Still, I'm somewhat ashamed that I enjoy returning to 70s stuff like Marvel 2-in-1 starring the Thing in Project Pegasus (which I think is now available as a trade).


Now we're talking!

The best issue of MARVEL TWO-IN-ONE for me has to be the Marv Wolfman two-part story featuring the Thing, whose airplane is sent down in 65 million BC by the very same Bermuda Triangle portal used by Skull the Slayer. There, he and Skull the Slayer team-up. It was interesting because it was really, the finale of the short-lived Skull the Slayer series, giving it a wrap-up and closure, something rarely seen in serial comics.

If you want evidence that comics are fundamentally pre-pubescent in mindset, look at the TWO-IN-ONE with the Thing and She-Hulk at Diablo Reactor. The She-Hulk is an aggressive femme whose master plan involves getting the Thing laid. Yet, somehow, that makes her a sinister figure that Ben Grimm is terrified of and avoids. Paging Dr. Freud!

Quote from: "TELLE"
I love Archie comics and collect old digests (even recent ones have old strips). Silver Age Archie and Josie comics are great and have a lot in common with Superman.

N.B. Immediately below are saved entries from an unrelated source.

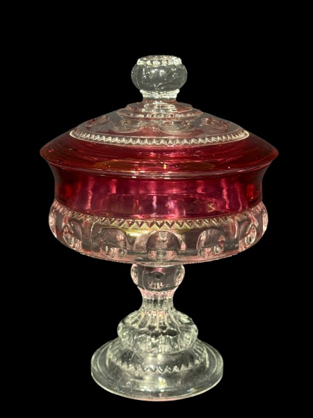 • VIDRO, uma (1) compoteira confeccionada em vidro prensado translucido com espessa faixa pintada na tonalidade vinho, moldada por frisos ondulados e esferas em baixo relevo, medindo 19x12,5cm.
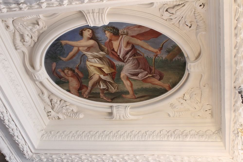 Um was geht es? Im Tanzspiel nach barocker Art geht es um die griechische Myhologie, um die Liebe von Daphne und Apollon, hier als Deckengemälde im Riesensaal. Es geht um ein junges Mädchen und die Verse des Ovids. Anlassfür das Thema ist der 2.000 Todestag des römischen Dichters Ovid und des 800 jährigen Jubiläums der Übersetzung seiner Methamorphosen durch Albrecht von Halberstadt im Kloster Jechaburg zu Sondershausen (um 1217).
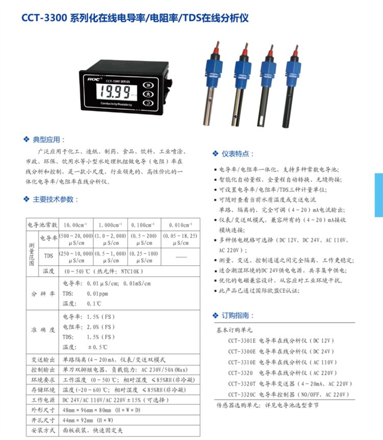Модель 1: CCT-3320 (полная функция)Модель 2: CCT-3320V (нормальная функция отображения)Модель: 3: CCT-3320T (4-20MA выход сигнала)Модель: 5: CCT-3300E (инструмент/передача двойного режима)Модель: 6: CCT-3310E (AC110V)Модель: 7: CCT-5320E (дисплей 4-20ma переключатель)Модель: 8: CCT-7300 (AC24V)Модель: 9: CCT-8301A (полностью автоматическая)Модель 10: CCT-8320 (одноступенчатый фильтр обратного осмоса + 2-полосная проводимости)Модель 11: PH/ORP-3520 (изолированный выход 4-20 мА)Модель 12: PH/ORP-5520 (Изолированная 4-20ma)Модель 13: PH/ORP-7500Модель 14: PH/ORP-8500AМодель 15: ROC-2015 (может заменить электронный контроль)Модель 16: ROC-2315 (вместо 7320)Модель 17: ROC-7100/7200 (без электродов)Модель 18: FCT-8350 (расходомер)Модель 19: CCT-2300 (портативный Лабораторный Измеритель проводимости)Модель 20: лабораторный ph-метр POT-2320)
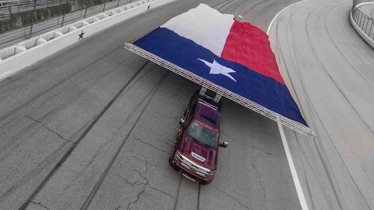 Sí, decimos banderas en plural porque Chevrolet también paseó una tela de idéntico tamaño con la bandera de Texas. Y es que el mercado tejano es clave en estos vehículos. Suponen una de cada cinco ventas de pick-ups en EE.UU. y el 15% de las más grandes. Es más del doble de las que se venden en Calofornia, el segundo mercado americano de este tipo de vehículos. Allí, uno de cada cuatro coches vendidos es una pick-up.
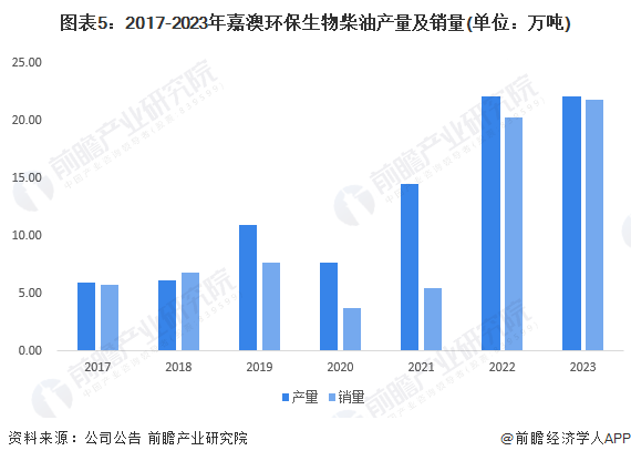 2017-2023年嘉澳环保生物柴油产销量均呈逐年增长趋势。2023年公司生物柴油实现产量22.09万吨,与2022年相比基本持平;实现销量21.78万吨,同比增长7.36%。整体来看,公司生物柴油产品产销基本维持平衡。
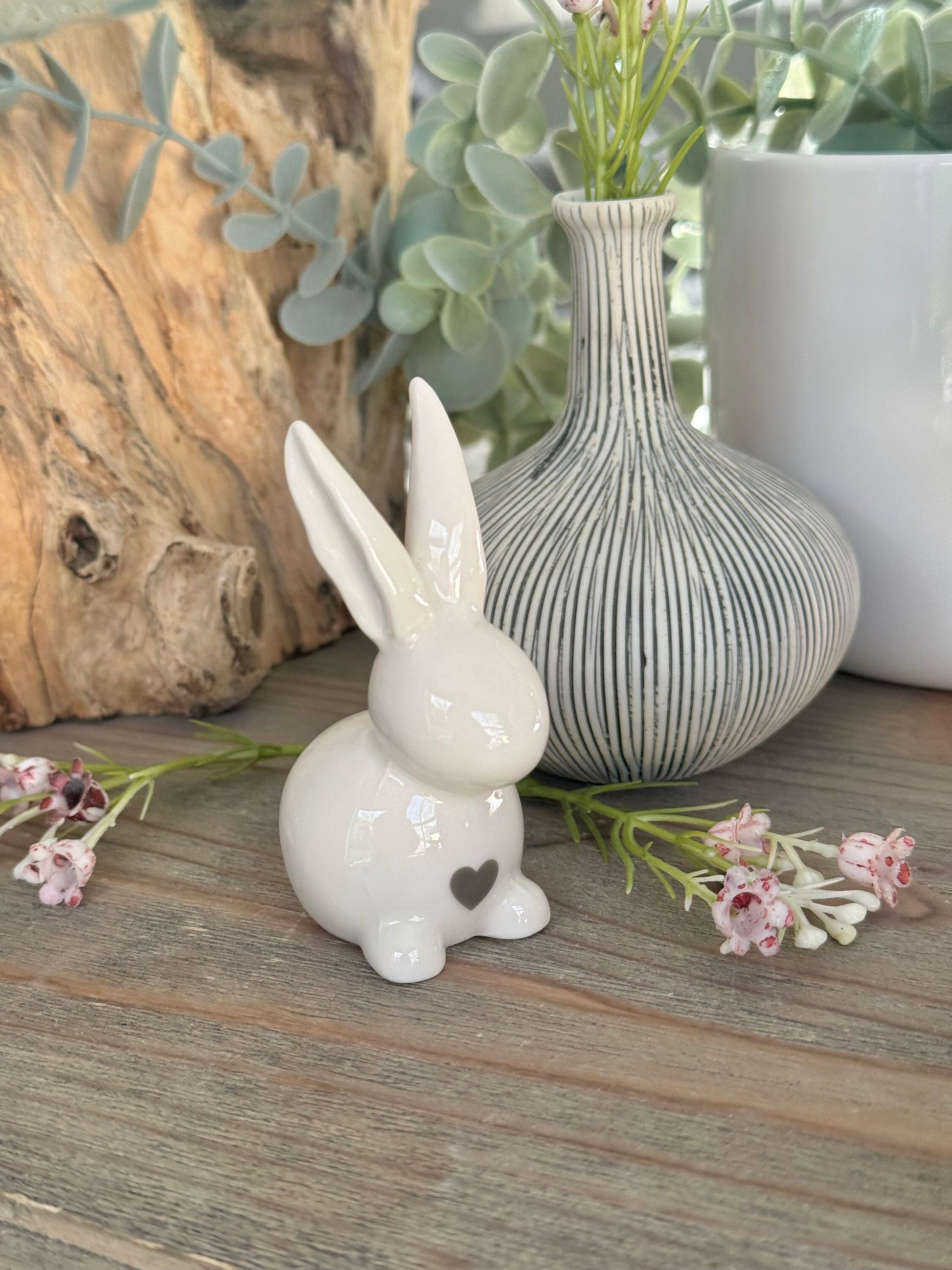 An adorable white glossy bunny ornament finished with a grey heart. A simple yet sweet decorative accessory and gift item.

I could never get into ARCHIE, for the same reason I did not "get" or like the Marvel Star Comics line either (HEATHCLIFF, MADBALLS, TERRY IN SPACE, STRAWBERRY SHORTCAKE), and why, to this day, I can't stand the POWERPUFF GIRLS. Because I've always thought that the best comic books, especially superhero comic books, are ones that can be read and appreciated by both children AND adults, a fact proven time and again by very talented writers.

Superhero/science fiction/adventure comics just for children are just as insincere and ugly as comic books that are just for adults. There should be something there that children (and the child in us) can appreciate: monsters, powers, flashy action, and things that adults (and very discerning, intelligent children) can enjoy too: smart unpredictable plotting, good characterization, and clean, correct plots.

All of our favorite books as children are books we can read and appreciate as adults, not just for nostalgia, but because there's something THERE that's there.

A movie like BEAUTY AND THE BEAST is an extraordinary film because it has surprisingly complicated characters, every moment is sincere and not histrionic, and it is able to create the illusion of doubt for a story that even children already know the outcome of.

One might also argue that it was the last great Disney film, because once there was ALADDIN set up the formula for destruction that so many kids films afterward would follow: Robin Williams mugging the camera, cloyingly cute/sassy talking animals and emphasis on celebrity voices instead of trained voice actors. The whole emphasis on sincerity and real characters seen in LITTLE MERMAID and B&B gave way to too hip for its own good tongue-in-cheek and smarmy references to modern day.

Quote from: "nightwing"
Anyone familiar with my image here as a conservative, stodgy champion of Silver Age values might be surprised to learn that I was a huge fan of Howard Chaykin's sex-crazed, left-leaning "American Flagg!"...at least for the first dozen and a half issues or so.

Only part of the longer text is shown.